In Deuteronomy 13 Moses warns Israel against false prophets. Their pleasing teaching will seduce Israel away from God and his law. Thus God tests the obedience and faith of his people. False prophets will be exposed by the failure of their predictions.
At Scarborough Beach this morning I saw yellow signs with black writing and a red cross warning swimmers against dangerous currents. Beware of any teacher who picks and chooses from the Bible, who pleases your autonomy, your dreams, your worldly desires.
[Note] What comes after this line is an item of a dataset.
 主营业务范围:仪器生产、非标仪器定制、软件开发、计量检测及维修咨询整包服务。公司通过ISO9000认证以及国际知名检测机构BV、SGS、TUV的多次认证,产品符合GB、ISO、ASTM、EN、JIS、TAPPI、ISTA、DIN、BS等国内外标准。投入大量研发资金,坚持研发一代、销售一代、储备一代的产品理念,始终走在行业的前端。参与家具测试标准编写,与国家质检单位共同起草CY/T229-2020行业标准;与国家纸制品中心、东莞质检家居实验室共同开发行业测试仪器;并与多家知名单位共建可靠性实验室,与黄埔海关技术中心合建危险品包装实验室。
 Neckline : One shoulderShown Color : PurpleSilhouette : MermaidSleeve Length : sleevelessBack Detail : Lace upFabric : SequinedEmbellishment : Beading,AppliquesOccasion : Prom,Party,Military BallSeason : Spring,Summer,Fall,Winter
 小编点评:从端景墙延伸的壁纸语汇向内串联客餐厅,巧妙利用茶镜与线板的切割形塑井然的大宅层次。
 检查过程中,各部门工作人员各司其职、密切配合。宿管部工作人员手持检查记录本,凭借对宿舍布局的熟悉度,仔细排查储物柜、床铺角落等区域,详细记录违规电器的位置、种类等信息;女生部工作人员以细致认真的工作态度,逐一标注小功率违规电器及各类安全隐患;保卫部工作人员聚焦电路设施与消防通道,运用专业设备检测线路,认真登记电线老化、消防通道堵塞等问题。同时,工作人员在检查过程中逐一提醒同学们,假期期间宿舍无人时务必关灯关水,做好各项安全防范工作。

Jesus the Archetypal Prophet
God’s people must train their eyes and ears on his true prophets who are all sent, ultimately, by the One Great Prophet Jesus Christ. Moses points us to him:
Deuteronomy 18:15, 18 The Lord your God will raise up for you a prophet like me from among you, from your fellow Israelites. You must listen to him. . . . 18I will raise up for them a prophet like you from among their fellow Israelites, and I will put my words in his mouth. He will tell them everything I command him.
God speaks words. God speaks ultimately through the Word himself, Jesus Christ, God Incarnate. Listen to and obey every word of Jesus: spoken through his Prophets and Apostles, written in the Scriptures:
They are more precious than gold, than much pure gold;
they are sweeter than honey, than honey from the honeycomb.
By them your servant is warned;
in keeping them there is great reward (Psalm 19:10–11).




He speaks to me through his spokesman. I listen, I try to obey, but I constantly fail him. I am a sinner. Brilliant read PC.